§ Required action:
Your task is to reproduce exactly the lines from the one containing "以修仙为例,想要解锁玄霜秘术" through the last line below, both ends included, and nothing else, with no pictures.

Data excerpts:
--- START ---
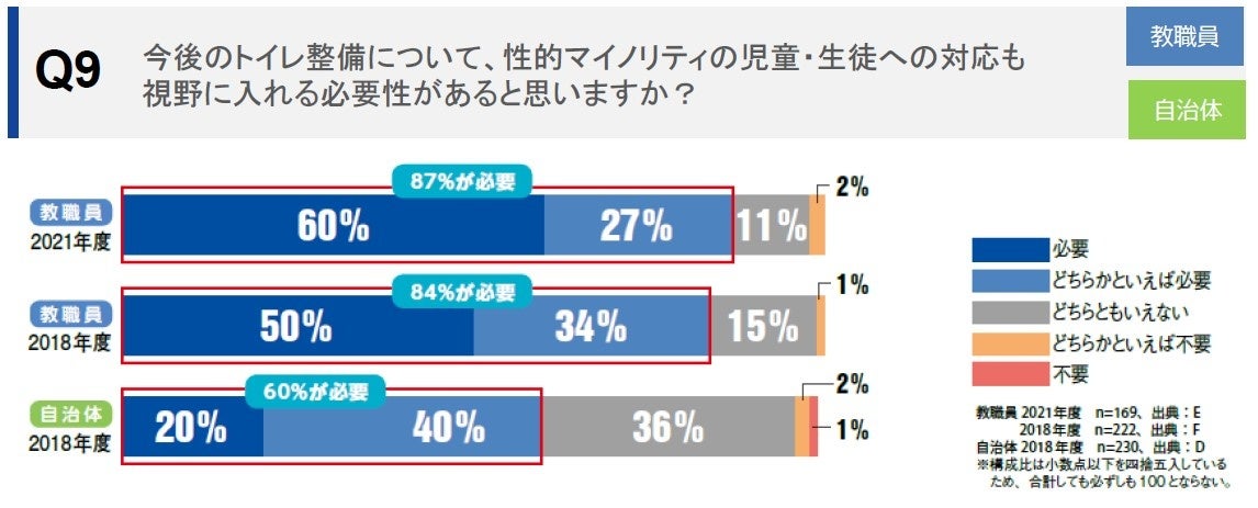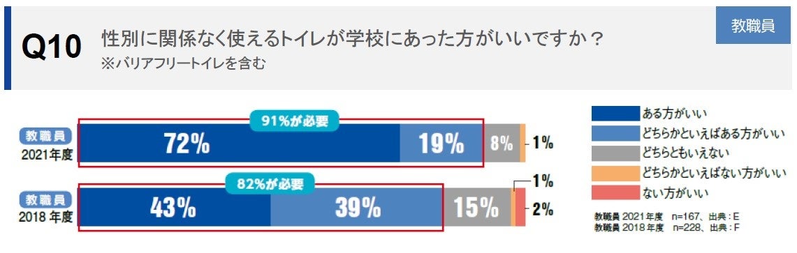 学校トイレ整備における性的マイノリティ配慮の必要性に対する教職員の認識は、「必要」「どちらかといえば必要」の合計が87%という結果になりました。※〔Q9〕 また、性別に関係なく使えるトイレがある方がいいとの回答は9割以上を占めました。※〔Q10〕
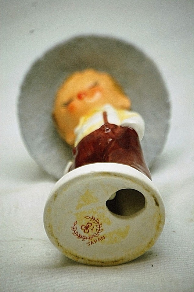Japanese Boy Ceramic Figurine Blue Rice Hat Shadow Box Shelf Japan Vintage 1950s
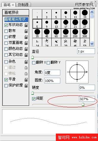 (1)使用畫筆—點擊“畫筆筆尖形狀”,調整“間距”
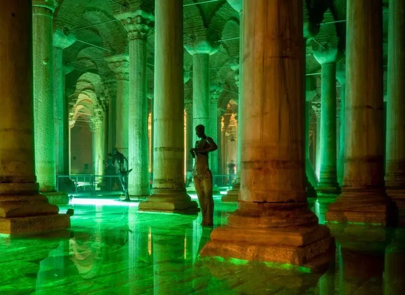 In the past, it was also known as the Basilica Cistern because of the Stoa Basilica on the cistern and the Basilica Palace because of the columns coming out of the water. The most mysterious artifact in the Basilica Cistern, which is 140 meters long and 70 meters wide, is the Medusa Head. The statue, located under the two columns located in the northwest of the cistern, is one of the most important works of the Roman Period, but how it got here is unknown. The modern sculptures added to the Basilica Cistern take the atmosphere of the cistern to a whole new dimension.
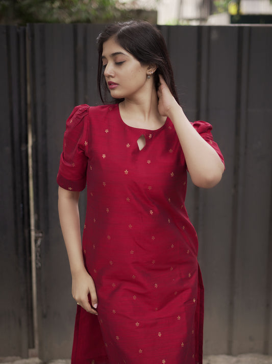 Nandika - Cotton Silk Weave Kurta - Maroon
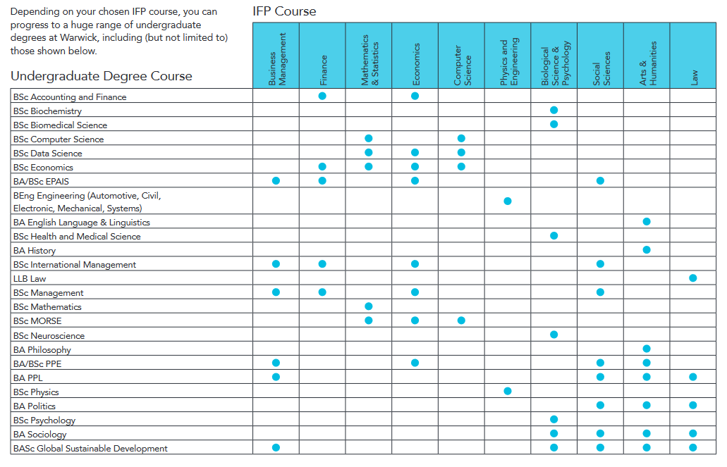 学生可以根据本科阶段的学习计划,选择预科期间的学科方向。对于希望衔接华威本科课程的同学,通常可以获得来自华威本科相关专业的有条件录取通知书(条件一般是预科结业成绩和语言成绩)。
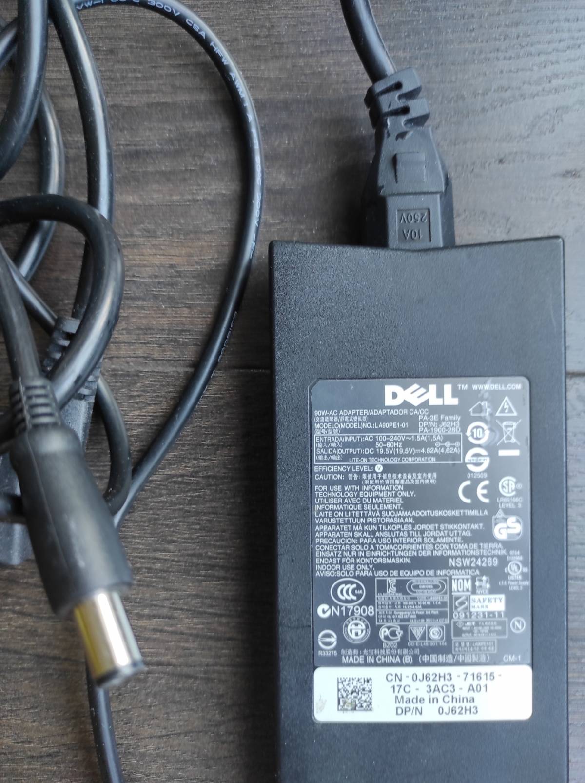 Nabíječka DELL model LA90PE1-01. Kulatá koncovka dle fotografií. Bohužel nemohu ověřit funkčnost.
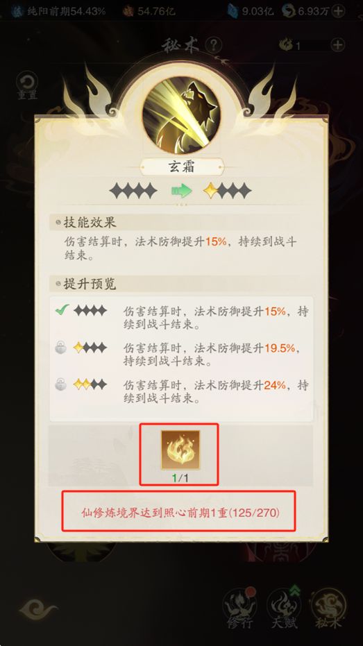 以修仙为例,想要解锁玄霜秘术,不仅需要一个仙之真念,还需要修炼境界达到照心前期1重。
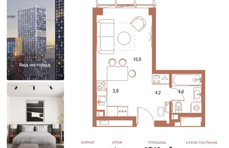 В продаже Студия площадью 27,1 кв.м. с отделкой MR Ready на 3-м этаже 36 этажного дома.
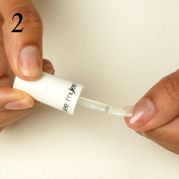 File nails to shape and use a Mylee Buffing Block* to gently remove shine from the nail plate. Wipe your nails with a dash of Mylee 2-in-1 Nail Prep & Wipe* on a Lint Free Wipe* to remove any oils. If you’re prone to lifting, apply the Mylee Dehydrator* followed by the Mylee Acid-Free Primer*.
--- END ---
§ Written solution:
 以修仙为例,想要解锁玄霜秘术,不仅需要一个仙之真念,还需要修炼境界达到照心前期1重。
 В продаже Студия площадью 27,1 кв.м. с отделкой MR Ready на 3-м этаже 36 этажного дома.
 File nails to shape and use a Mylee Buffing Block* to gently remove shine from the nail plate. Wipe your nails with a dash of Mylee 2-in-1 Nail Prep & Wipe* on a Lint Free Wipe* to remove any oils. If you’re prone to lifting, apply the Mylee Dehydrator* followed by the Mylee Acid-Free Primer*.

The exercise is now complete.